そこで、思い出を。
@ryoo
プロローグ
気がついたら見知らぬ部屋にいた。
ドラマや映画以外にそんな事があるなんて、まして自分の身の上にそんな事が起こるなんて、見延遥はそう思った。
12畳くらいの広さだろうか、大きめなテーブルに二人掛のソファー、その正面に少し大きめのテレビ。テレビ台の上に小振りな何かのトロフィーが飾られている。
テーブルの上にはビールや酎ハイの缶が何本か置かれている、目に入るのはそのくらいだ。なんとなく、缶に触れた。中身が入っているのか無意識に持ち上げようとした。だが、持ち上がらない。正確には触れる事が出来なかった。缶の表面をすり抜けて掴もうと曲げた親指と他の指が結ばれる形になる。今まで見たことのない場所、知らない間にそこにいる自分、感じた事のない感覚。
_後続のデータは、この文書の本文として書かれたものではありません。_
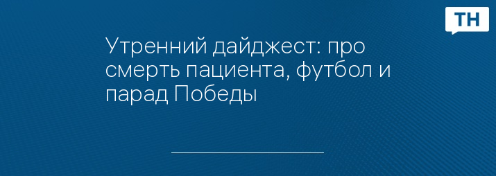 Утренний дайджест: про смерть пациента, футбол и парад Победы

……急に気味悪さが襲ってくる。とにかくこの部屋から出ないと、玄関の場所もわからないけれど動かないと、その時、鍵を開ける様な音が聞こえた。
気味の悪さは恐怖心に変わり、体が震えだした事を桜は感じた。ドアを開け、そして閉める音。それはすぐ近くから聞こえる、足音が近づく。どこか隠れられる場所をと視線を巡らせる前に部屋のドアノブが回された。